DR. MICHAEL SCHIFFMANN:
— German linguist at the University of Heidelberg, co-founder of
Journalists for Mumia, and the author of "Race Against Death;
Mumia Abu-Jamal: a Black Revolutionary in White America"
The
original decision in May/June 2005 by Court of Common Pleas Judge
Pamela Dembe to dismiss Mumia Abu-Jamal's 3rd PCRA petition was already
a travesty of justice. Everything
in that decision was tailored to deny Abu-Jamal relief. After sitting
on the case for almost four years, the judge deciding it evidently didn't
have a clue about the most elementary facts. That was not necessary, though; all that was needed was to
twist the law in such a way that Abu-Jamal would never have a chance,
regardless of what he presented.
Abu-Jamal's
3rd PCRA petition presented testimony by two witnesses that attacked
the arguably two single-most important prosecution witnesses at the June/July
1982 Abu Jamal trial, prostitute Cynthia White and hospital security
guard Priscilla Durham. As discussed extensively in work on our
website, Abu-Jamal-News-com, and elsewhere, not least in many, many
defense briefs, these witnesses were highly incredible even without
that new testimony.
All
the same, it was crucially important: New witness Yvette Williams
testified that Cynthia White had been blackmailed into fingering
Abu-Jamal as the murderer by death threats on the part of the police,
and new witness Kenneth Pate testified that Durham had been peer-pressured
by the police into falsely accusing Abu-Jamal of having boasted about
having "shot the motherfucker" Daniel Faulkner and hoping he
would die.

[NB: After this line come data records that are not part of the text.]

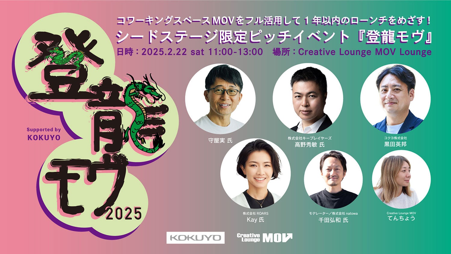 登龍門ならぬ『登龍モヴ』は、MOVが取り組むスタートアップ支援プログラム。優勝者を1年かけて応援していきます。シードステージに限定し、5組(予定)のスタートアップが最終ピッチに挑戦します。熱い気迫を、ぜひ見届けてください。
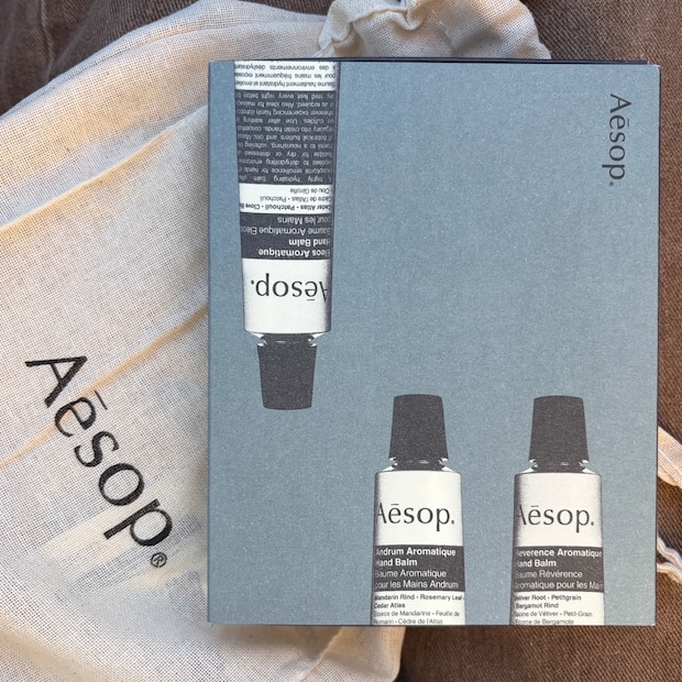 Aesopのハンドクリームがとても好きなんですが、とにかく大きかった。もちろんそれも悪くなかったんですが、持ち運ぶ時は結局コンパクトな物を持って出たり…小さいサイズがあったらなぁ。と思っていた矢先に、まさかの人気の3種類がミニサイズでセットに!!
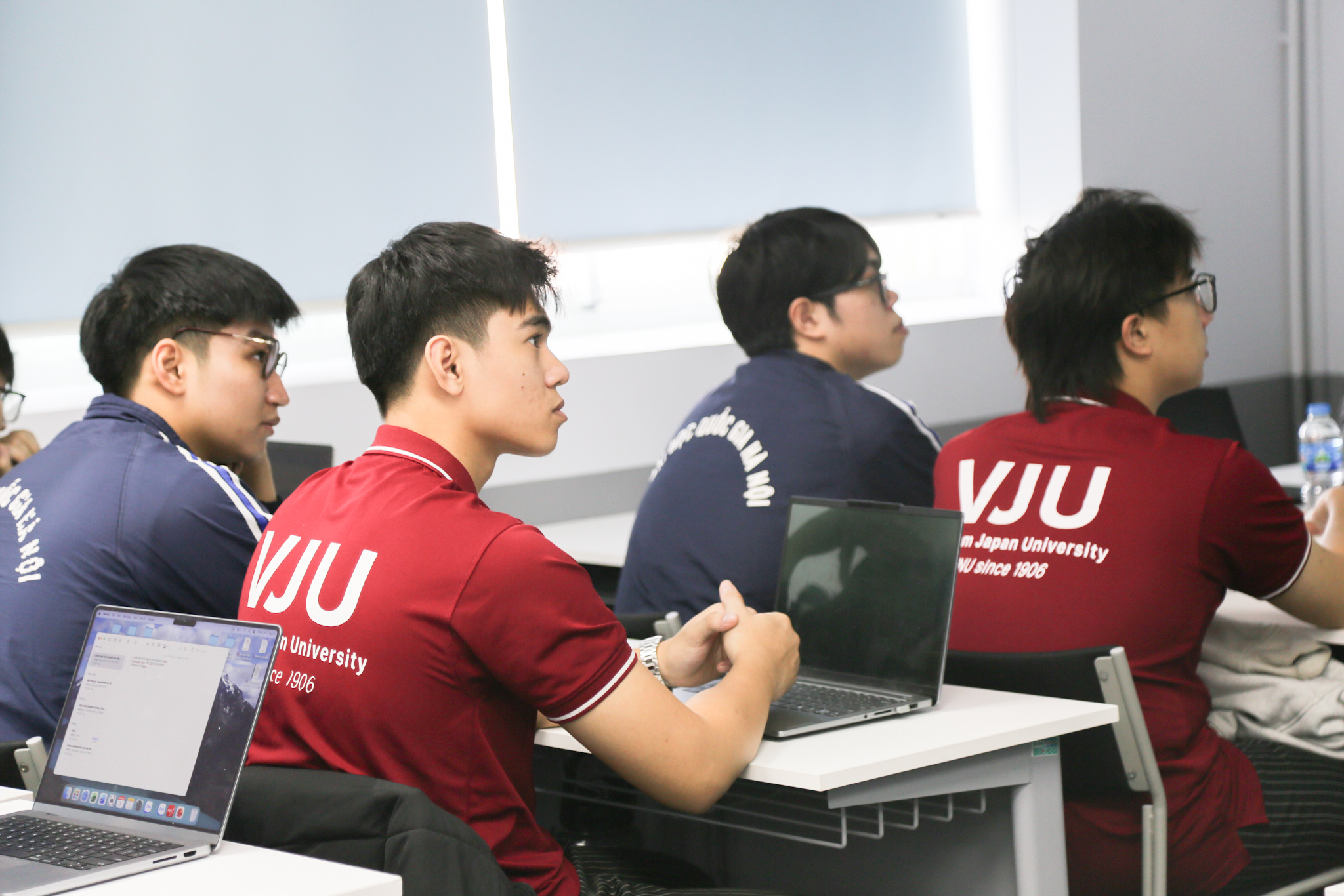 Ngày 1/12, sinh viên năm thứ ba ngành Cơ điện tử thông minh và sản xuất theo phương thức Nhật Bản (MJM) đã có cơ hội học trực tiếp với Phó Tổng Giám đốc Toray, ông Kutsuzawa Toru, để tìm hiểu về triết lý sản xuất và chiến lược công nghệ của tập đoàn.
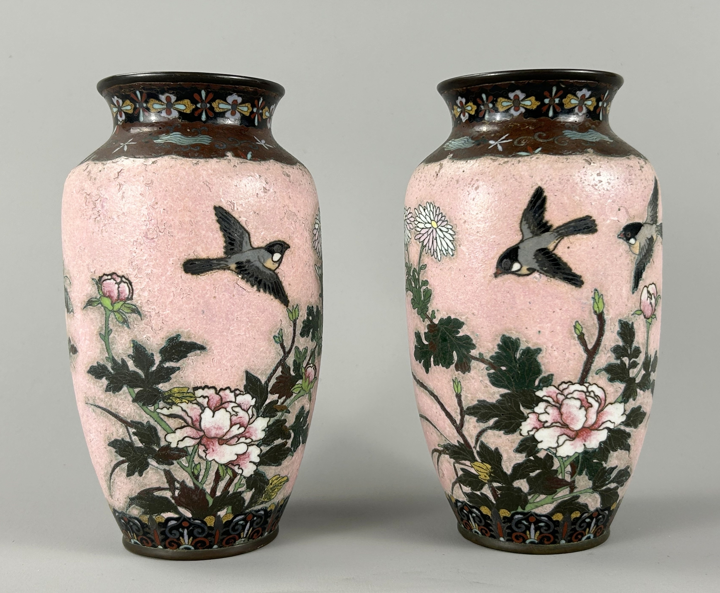 A pair of Japanese Cloisonne vases.
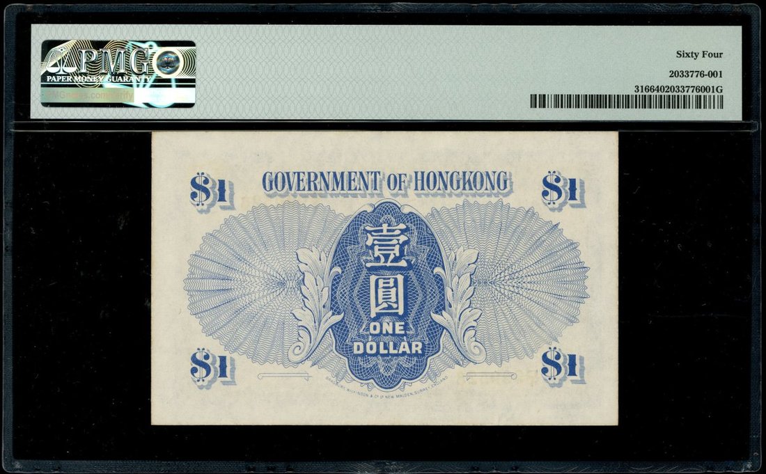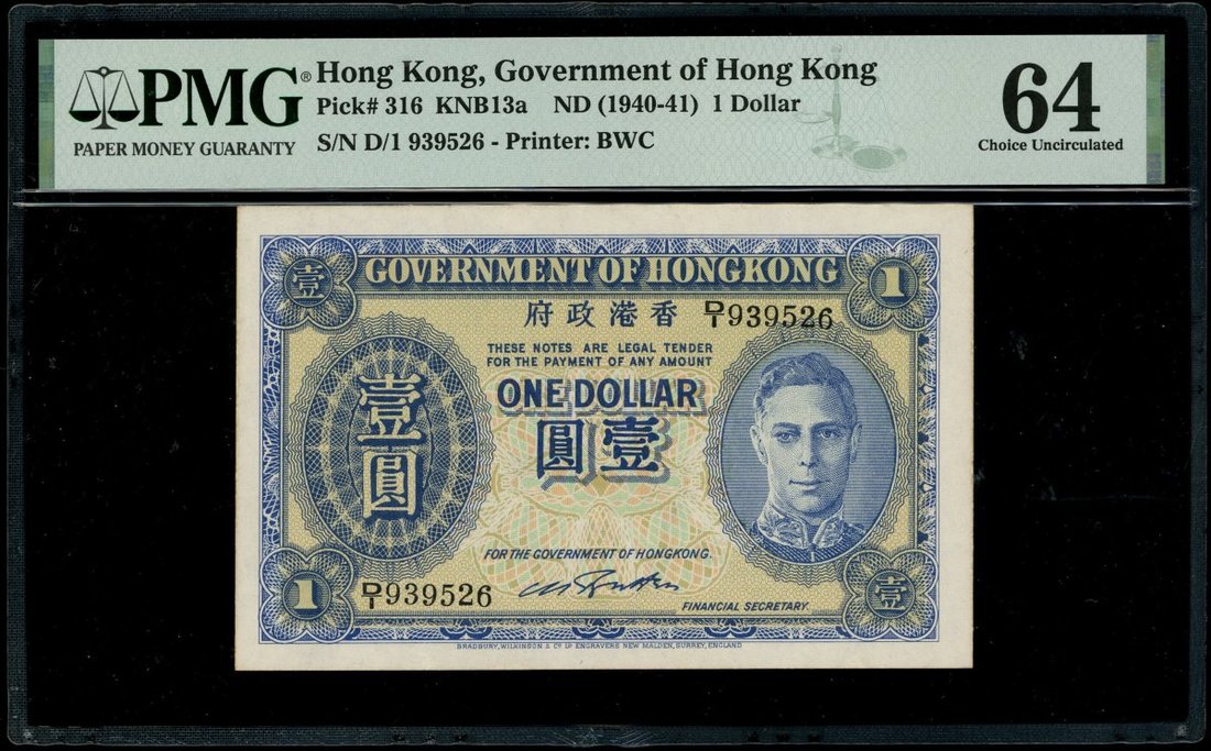 Government of Hongkong, $1, ND (1940-1941), serial number D/1 939526, (Pick 316), PMG 64 Choice Uncirculated, edge toning.
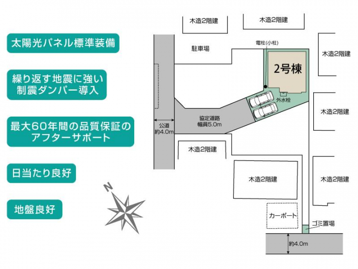 | 駐車場 | 2台 | 道路の幅員 | 北西4.0m公道 |

If proven in court,
these two new claims in themselves would be enough to prove that the
case against Abu-Jamal was hopelessly contaminated right from the start
and to explode it once and for all.
By
bending even the reactionary new Clinton-era laws to expedite the
application of the death penalty out of shape, Judge Dembe at the time
concluded that the new evidence was not presented in a
"timely" fashion. The
Pennsylvania Supreme Court now does the same, inventing yet other and
different reasons why the evidence is "untimely."
It's
not worth going again into the "legal" forks and angles of
that new decision. It's a repeat performance of the 2005 Dembe
decision, which I analyzed at the time and which got a worthy response
by the defense, as we now see without avail. What simmers through in every
line of those decisions is that one thing always left unsaid: "We
are afraid of the facts."
But
those facts won't go away, if we fight to disseminate them, to get them
out into the public sphere, and to have them finally heard on court.
That is the most urgent task in the weeks and months to come.